Open davidbarsky opened 10 months ago

davidbarsky commented 10 months ago

Motivations

Hi! I'm writing this issue not entirely convinced that it's the right approach, but I figured I'd at least open an issue for discussion/feedback. Anyways: We've added two fields to the rust-project.json format in the rust-analyzer/buck integration, which have been really useful. They are:

We've added these fields because determining the ManifestPath and the owning targets on the fly by querying buck adds some non-trivial, perceptible latencies (200-300 milliseconds at the average, with some substantially higher latencies at the tail) in what users would otherwise expect to be a near-instant response. Similar operations in rust-analyzer are in the low single-digit milliseconds, to its immense credit!

I decided to open this issue to propose upstreaming these changes when I was working on adding generic runnable support[^1] and realized that a decent chunk of the information needed to successfully create a runnable (specifically, the manifest file) could be very easily added to a CargoTargetSpec via a rust-project.json, enabling a set of long-tail features and functionality that I've wanted to tackle in a Buck context but was blocked by either too-high latencies or rust-analyzer's lack of visibility into this information. These features include:

Approach

I'd like to add an optional TargetSpec (renamed from CargoTargetSpec) to project_model/src/project_json/Crate, where any build system that opts into providing a TargetSpec would be required to provide all information that TargetSpec expects. My goal for providing this constraint is to minimize maintenance costs for rust-analyzer.

Alternatives/Caveats.

I worry about proposing this feature because I worry:

[^1]: Note that the current state of runnables can largely work if this line is commented out and the rust-buck-companion extension queries the owner of the file in question, but that's not an approach that I'd like to take because latencies of querying a build system are too high.

matklad commented 10 months ago

@davidbarsky could you expand a little bit on what these extra fields actually do? This is out of my mind's L1 cache, so it's not immediately obvious to me how they could be used.

We've added these fields because determining the ManifestPath and the owning targets on the fly by querying buck adds some non-trivial, perceptible latencies

I am not entirely sure what this talks about (again, this is because at this point I remeber nothing :) ), but if this is about "what crate does foo.rs belong too" functionality (which is the first step of any analysis), that should be handled by source roots. See ProjectWorkspace::to_roots.
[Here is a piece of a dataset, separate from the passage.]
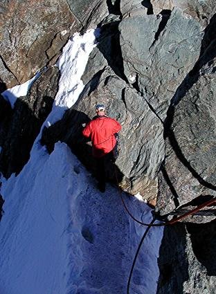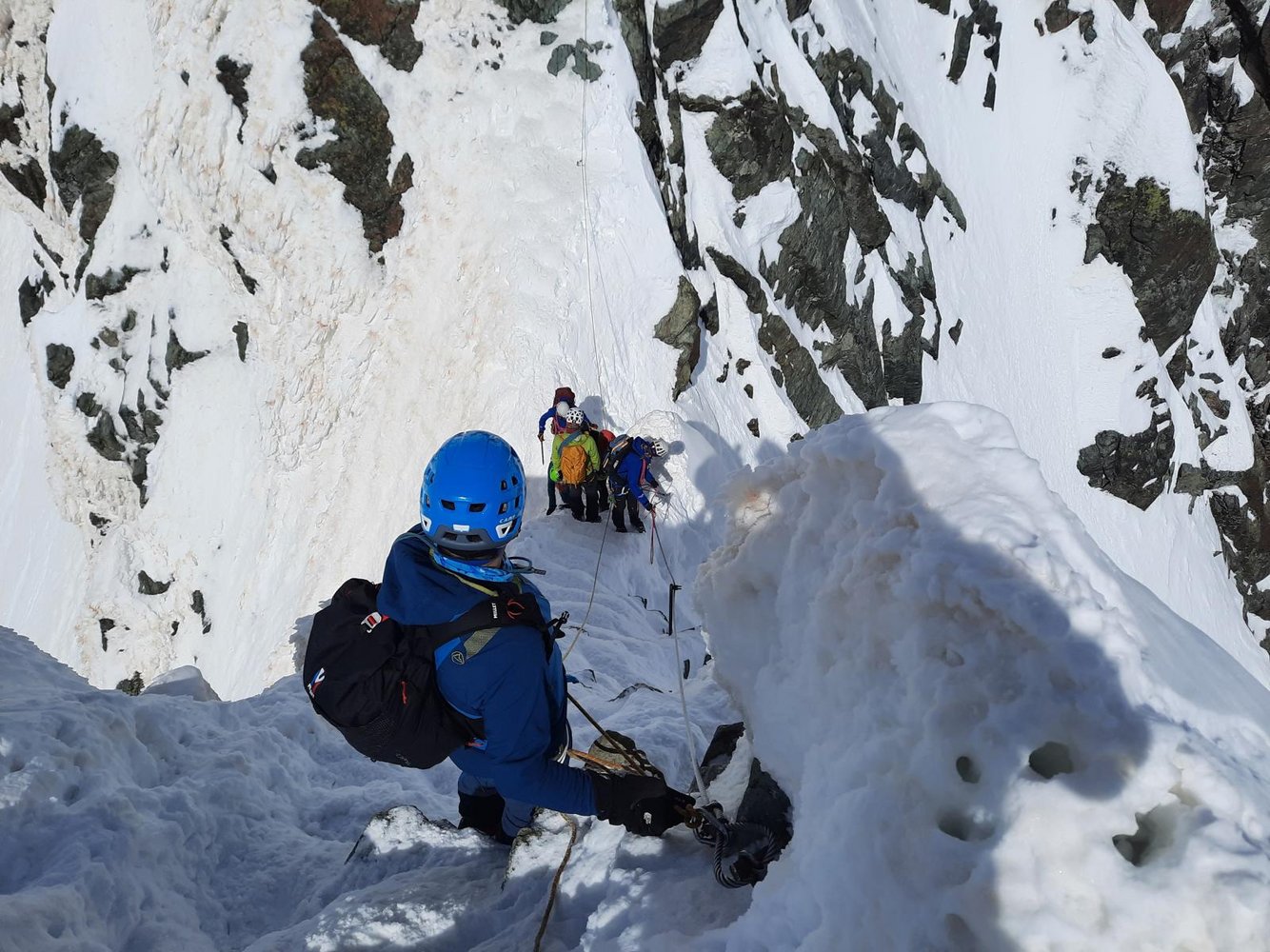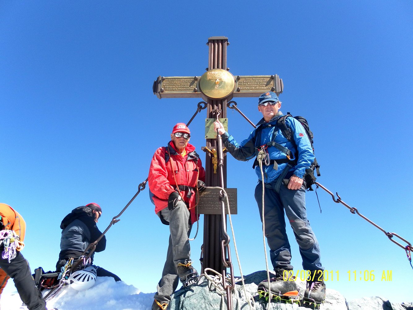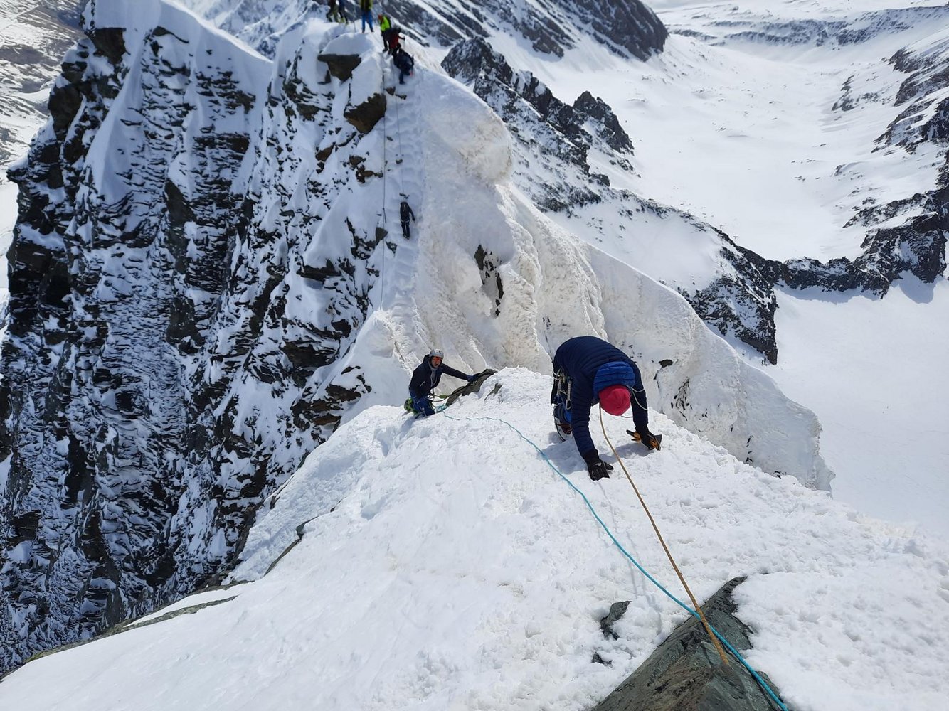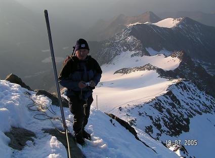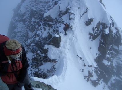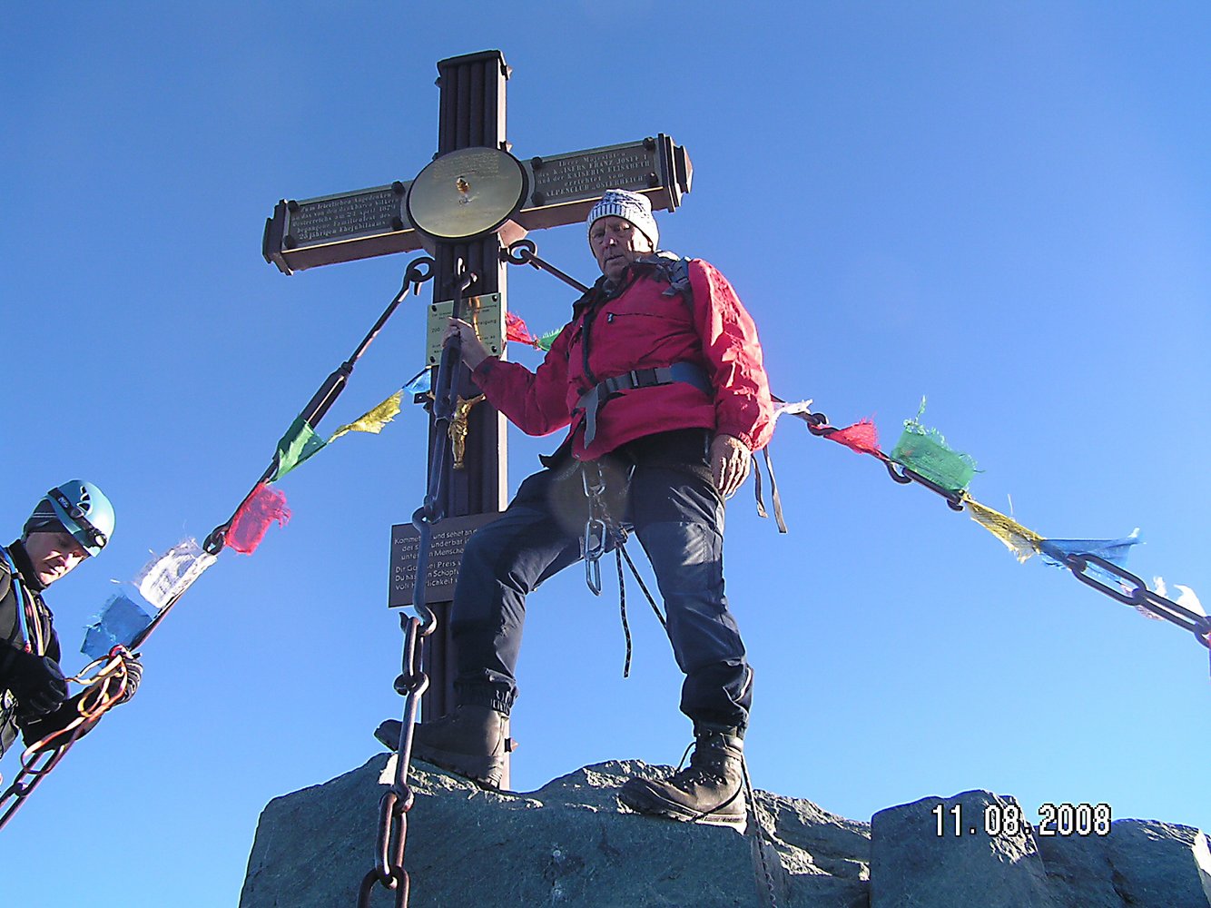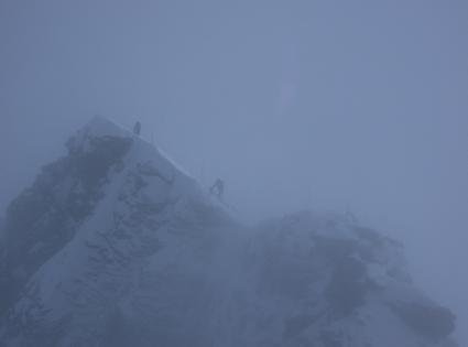 Hier gibt es zwei Möglichkeiten, entweder über den mit Drahtseilen versicherten Blockgrat, oder - nur bei wirklich sehr guten Bedingungen - mit Schiern (dann macht man das Skidepot beim Glocknerleitl) oder Steigeisen über die sehr steile S-Flanke (Spalten!) direkt hinauf in Richtung Glocknerleitl. Weiter nordwestwärts in Richtung Gipfel und über das steile Glocknerleitl bis unter die Felsen des Kleinglockners - höchstmögliches Skidepot 2 auf 3680 m, bei viel Betrieb bereits 70 Hm tiefer auf einem breiten Schneeabsatz (Skidepot 1). Weiter mit Steigeisen, Pickel und Seil, entweder über - mit dicken Seilen versicherten - kurzen Felsrücken und einer Schneerinne hinauf zum Grat und diesem zum Gipfel des Kleinglockners folgen. Vom Kleinglockner über die ausgesetzte Scharte zum letzten kurzen Aufschwung vor dem Hauptgipfel. Die letzten Meter steil - tlw. leichte Kletterei - bis zum höchsten Punkt (der Grat ist mit Eisenstangen markiert bzw. sind teilweise Drahtseile vorhanden - bei Schneelage und Vereisung aber sehr ernst!)

that a decent chunk of the information needed to successfully create a runnable

For this one in particular, I think we could do something super general, like in projec.json you could specify runnable_info: any for any target, and rust-analyzer then will just transfer this info as is over the LSP protocol for the frontent to deal with. If we want to re-use existing handling in the VS Code extension, we could be specific, and add somethign like

runnables: {
   "check": ["buck", "check", "my-crate-name"],
   "run": ["buck", "run", "my-crate-name"],
   "test": ["buck", "test", "my-crate-name", "--"],
}

where keys are a fixed set of commands with standrad semantics, and values are command-lines. note that I still believe that integrating that into flycheck would be fundamentally wrong, but if it's easy to do transparently, then we could do it (like, flycheck itself is fundamentally wrong, but we are still having it, cause its useful).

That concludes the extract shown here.